### WORK ITEM:
Taking the line with "华兴源创:融资余额1.24亿元,创近一年新低(11-26)" as the first and the line with "Poodle Dog Weihnachtswagen" as the last, set down the lines below exactly, pictures excluded.

### SUPPLIED INFORMATION:
↓
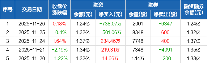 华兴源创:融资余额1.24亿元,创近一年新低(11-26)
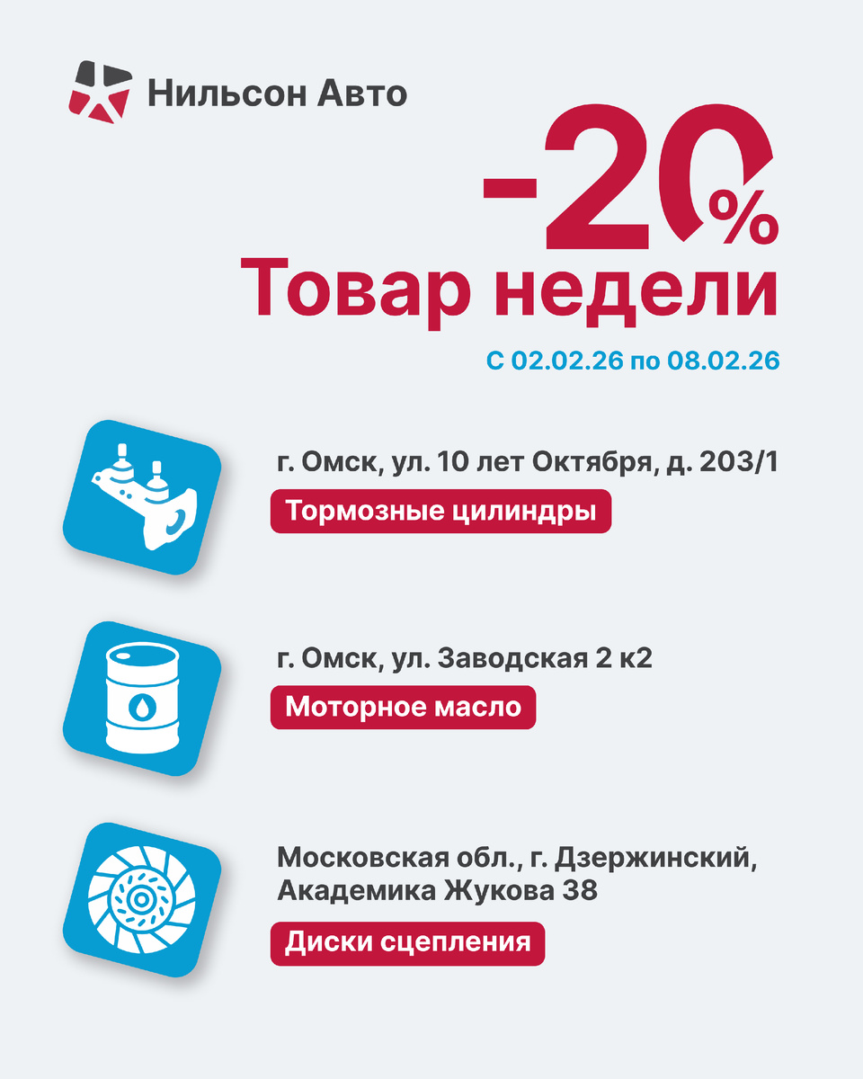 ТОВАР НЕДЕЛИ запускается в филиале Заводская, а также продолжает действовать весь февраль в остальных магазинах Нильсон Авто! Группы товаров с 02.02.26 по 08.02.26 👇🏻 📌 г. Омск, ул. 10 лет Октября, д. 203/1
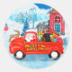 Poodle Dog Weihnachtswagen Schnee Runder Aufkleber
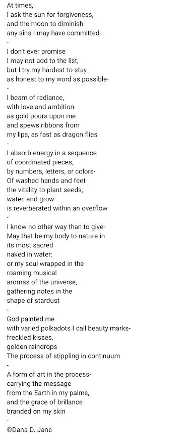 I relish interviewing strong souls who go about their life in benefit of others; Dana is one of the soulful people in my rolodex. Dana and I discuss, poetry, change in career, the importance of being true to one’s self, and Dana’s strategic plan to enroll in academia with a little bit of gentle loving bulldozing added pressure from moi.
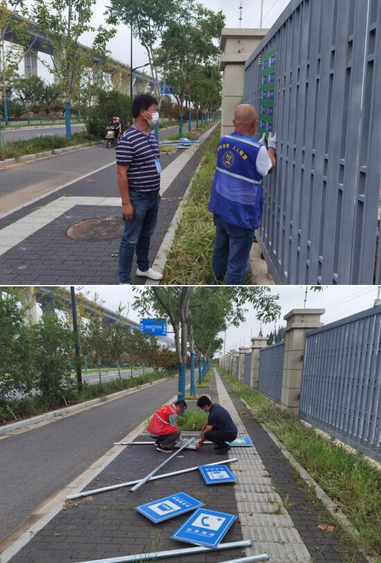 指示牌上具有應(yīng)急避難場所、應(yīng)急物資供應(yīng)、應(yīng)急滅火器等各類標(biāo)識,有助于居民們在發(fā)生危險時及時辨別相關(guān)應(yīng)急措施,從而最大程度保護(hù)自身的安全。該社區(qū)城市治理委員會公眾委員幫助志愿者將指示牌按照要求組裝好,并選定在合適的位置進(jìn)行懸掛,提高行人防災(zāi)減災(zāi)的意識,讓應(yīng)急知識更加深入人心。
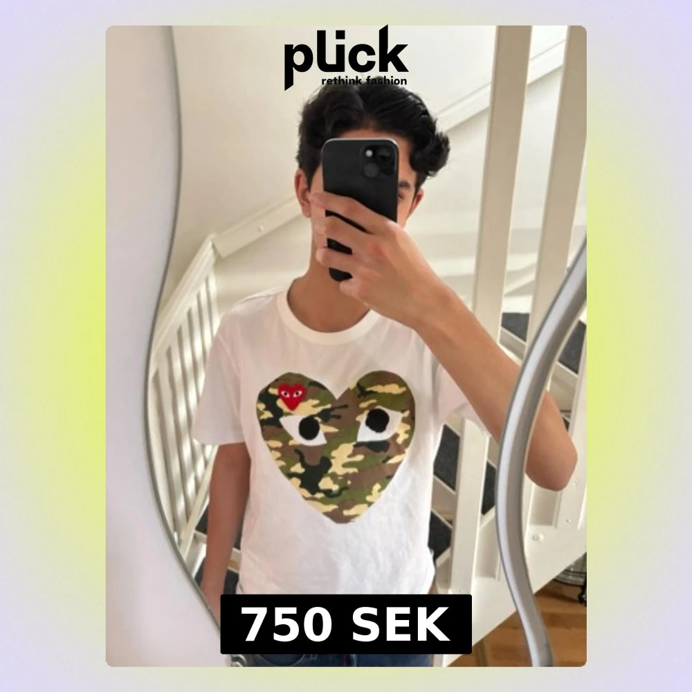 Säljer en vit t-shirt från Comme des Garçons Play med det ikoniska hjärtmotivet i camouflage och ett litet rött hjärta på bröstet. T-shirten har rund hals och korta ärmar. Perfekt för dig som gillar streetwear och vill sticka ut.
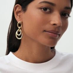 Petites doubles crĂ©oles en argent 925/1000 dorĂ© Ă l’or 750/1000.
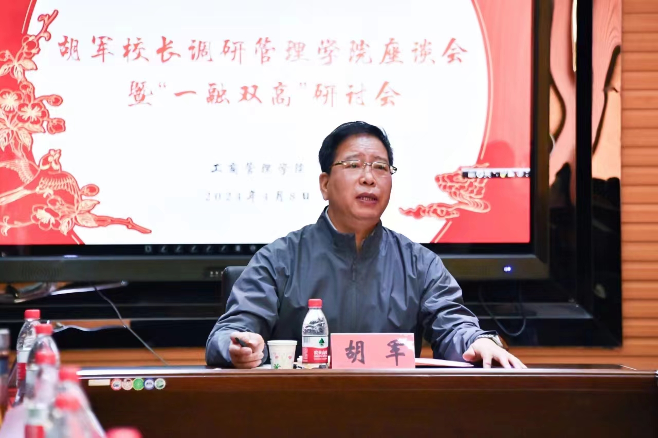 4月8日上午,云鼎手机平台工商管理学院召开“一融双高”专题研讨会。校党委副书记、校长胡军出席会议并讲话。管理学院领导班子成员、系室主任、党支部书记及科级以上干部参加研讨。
↑
↓
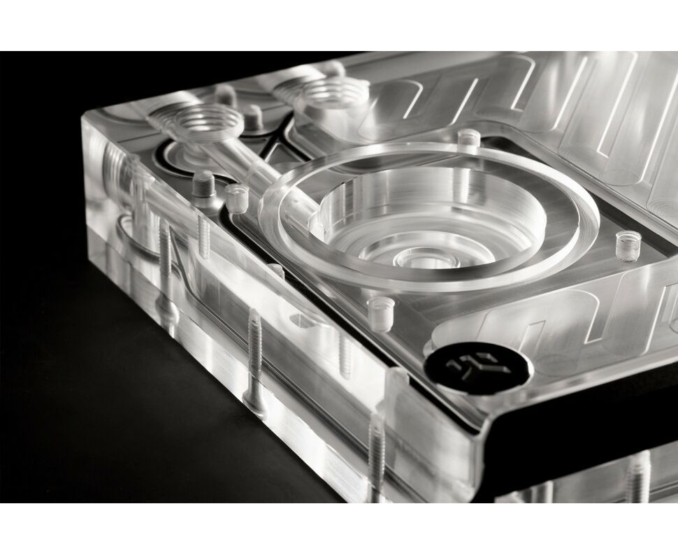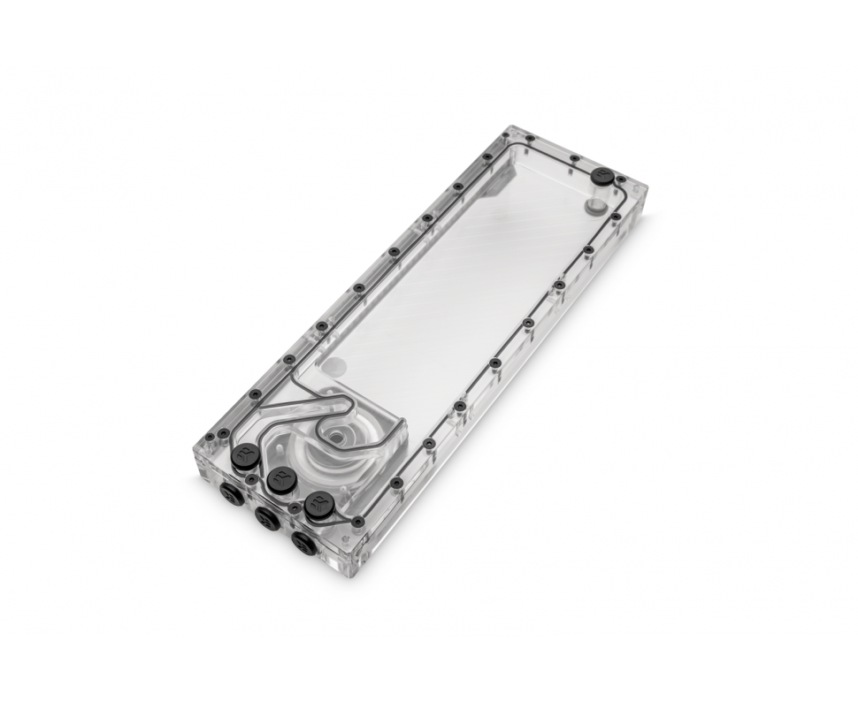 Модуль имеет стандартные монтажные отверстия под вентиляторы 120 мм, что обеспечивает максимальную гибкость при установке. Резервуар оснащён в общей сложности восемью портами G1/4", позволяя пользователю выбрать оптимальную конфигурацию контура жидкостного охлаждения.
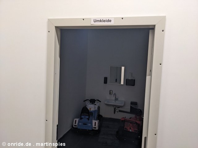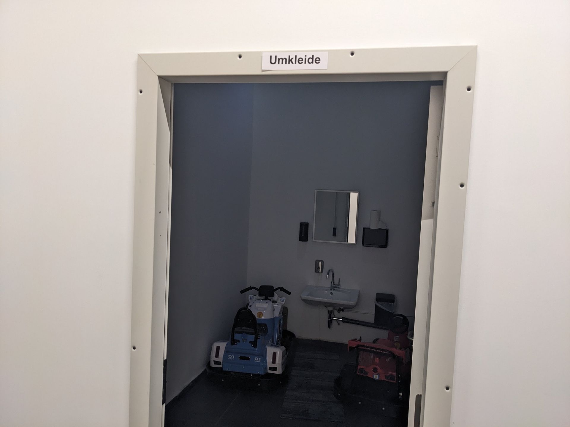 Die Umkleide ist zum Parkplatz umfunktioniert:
↑
↓
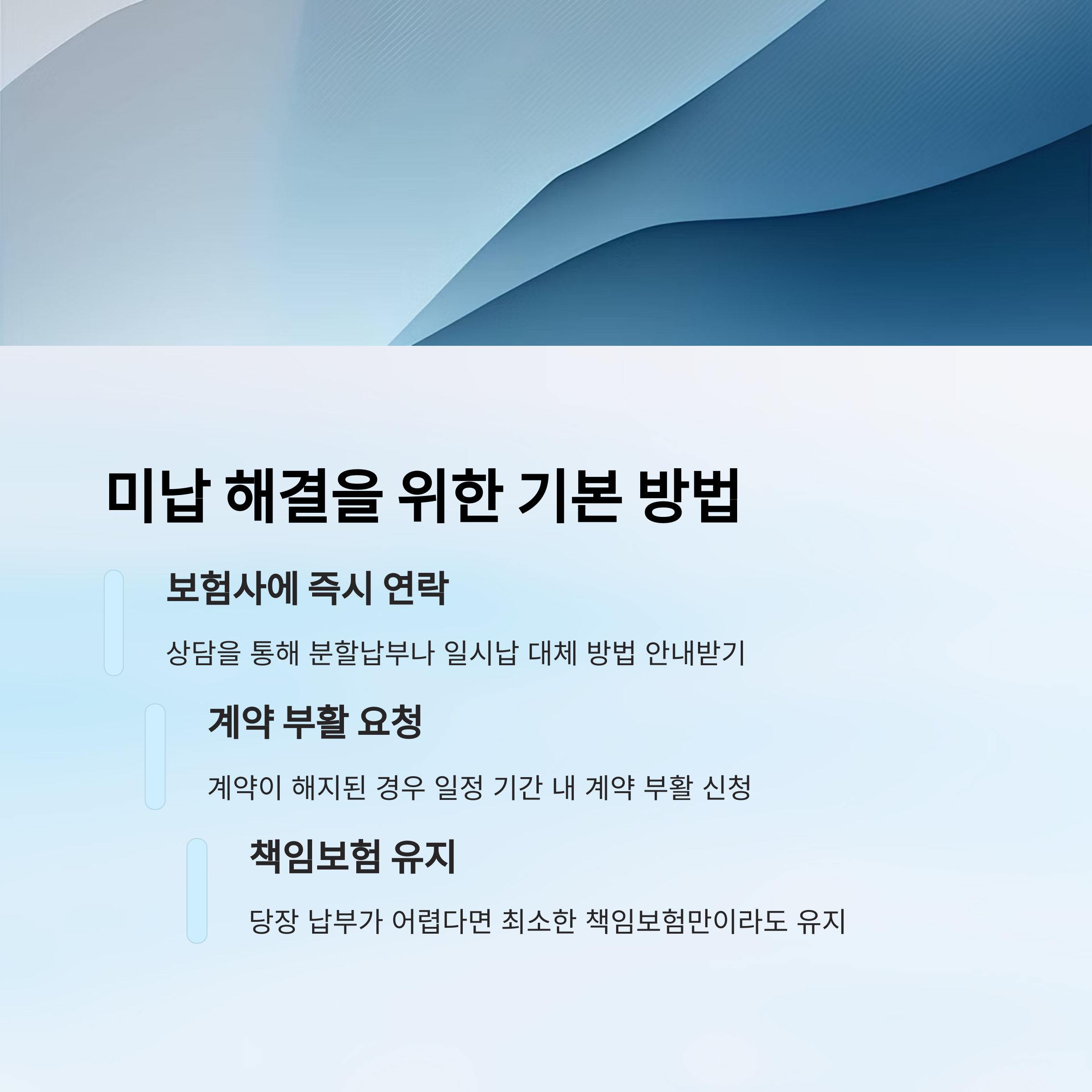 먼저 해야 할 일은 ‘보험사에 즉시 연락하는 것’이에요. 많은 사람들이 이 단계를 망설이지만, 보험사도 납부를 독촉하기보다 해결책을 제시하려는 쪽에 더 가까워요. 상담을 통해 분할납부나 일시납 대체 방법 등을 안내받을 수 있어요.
↑
### TASK ANSWER:
 华兴源创:融资余额1.24亿元,创近一年新低(11-26)
 ТОВАР НЕДЕЛИ запускается в филиале Заводская, а также продолжает действовать весь февраль в остальных магазинах Нильсон Авто! Группы товаров с 02.02.26 по 08.02.26 👇🏻 📌 г. Омск, ул. 10 лет Октября, д. 203/1
 Poodle Dog Weihnachtswagen Schnee Runder Aufkleber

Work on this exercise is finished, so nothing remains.